Get a breakdown of costs and contact customer services, or better still embarress the ba****d by naming him on all the M/H forums and caravan forums, his work will soon dry up.


----------



## Galway (Aug 20, 2008)

Roland Rat 
Dont we know it.

Can you tell me what part of the country Leisure Tech is.
We are going to France Sept 3rd. We could travel through England and call if it anywhere south of Holyhead or even in east of Pembroke.

Thanks


----------



## Deleted member 207 (Aug 20, 2008)

http://www.rvmobile.com/tech/Trouble/Index.htm

Is another link to some good trouble shooting pages for fridges.

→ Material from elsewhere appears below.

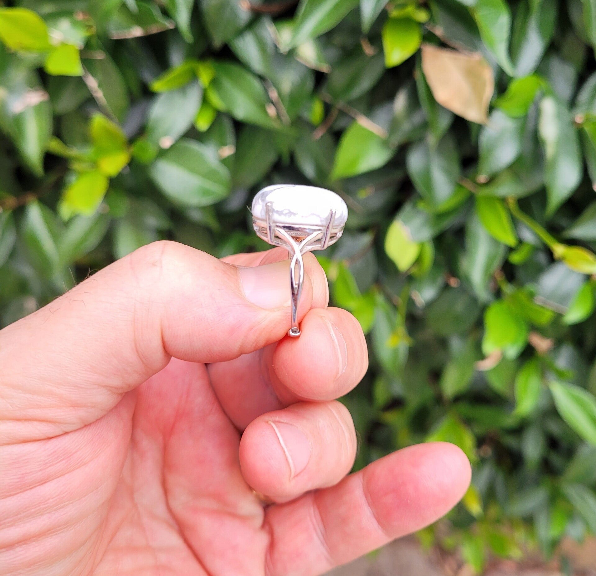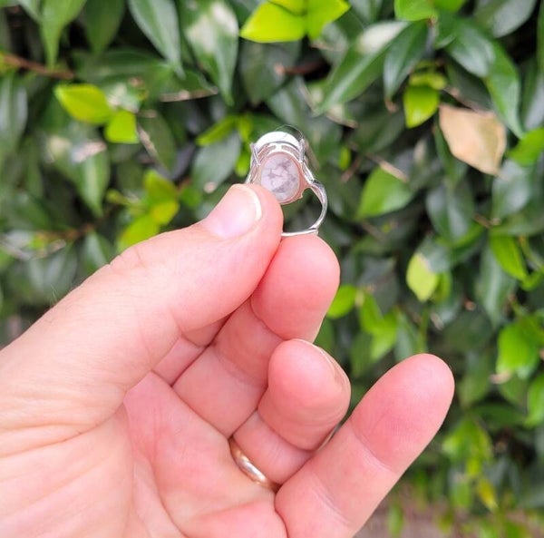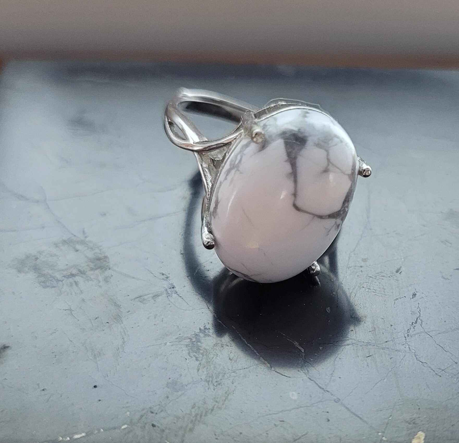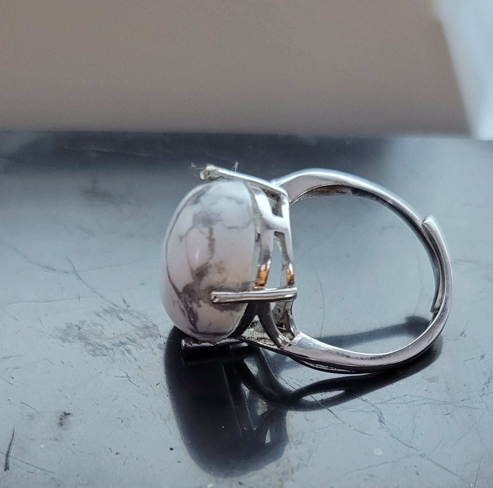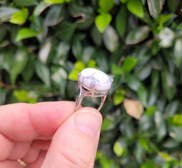 Bague howlite Argent 925 montée d'une pierre naturelle d'Howlite

On http://www.gasrefrigeration.net/dometic_manuals.htm is a link http://gasrefrigeration.net/dom_techdata/MAN_SM.PDF which from about page 10 explains how 12V/240V/110V/LPG fridges work - they are very simple and I think the techies try to make them far more complex and then charge as if they are NASA engineers.

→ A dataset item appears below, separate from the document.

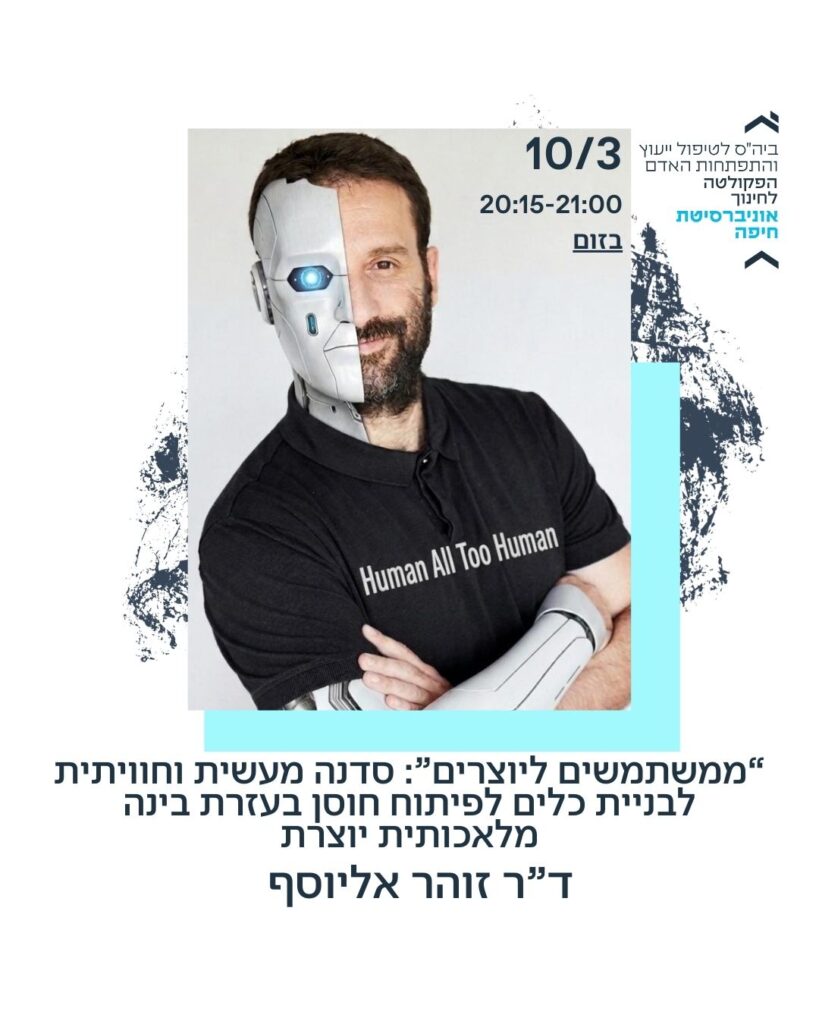 "ממשתמשים ליוצרים": סדנה מעשית חווייתית לבניית כלים לפיתוח חוסן בעזרת בינה מלאכותית יוצרת – ד"ר זוהר אליוסף

Even if you hand over the fridge to be repaired by a professional its good to know what they are talking about - or just give instructions what you want repaired - not what they have sitting on their spare parts shelves.


----------



## Galway (Aug 20, 2008)

Roger 
Thanks for link.

Quote
Even if you hand over the fridge to be repaired by a professional its good to know what they are talking about - or just give instructions what you want repaired - not what they have sitting on their spare parts shelves. 

That what happened last time and we got caught for €560,


----------



## roland rat (Aug 21, 2008)

*Gas appliance problems*



Galway said:


> Roland Rat
> Dont we know it.
> 
> Can you tell me what part of the country Leisure Tech is.
> ...



Hi Galway,
              Leisure tech are located on an industrial estate just outside Clitheroe in East Lancashire, 2 minutes off the A59 east bound towards Skipton. The signpost will indicate Clitheroe Auction Mart where livestock sales take place and a good landmark is the Ribble Cement chimney which you can see for miles on a clear day.
                                                good luck,
                                                            Roland Rat.


----------



## Galway (Aug 28, 2008)

Thanks to all who replied. 

We took burner apart again today for the 3 time +. 

We got air hose and blew it out, The flame seems to be higher now. 

Now my question : How high should the flame be, some say 30 to 35mm. 
Is this OK? 
How do you turn Flame up and down?


----------



## Deleted member 207 (Aug 29, 2008)

You have nt read those manuals have you?


----------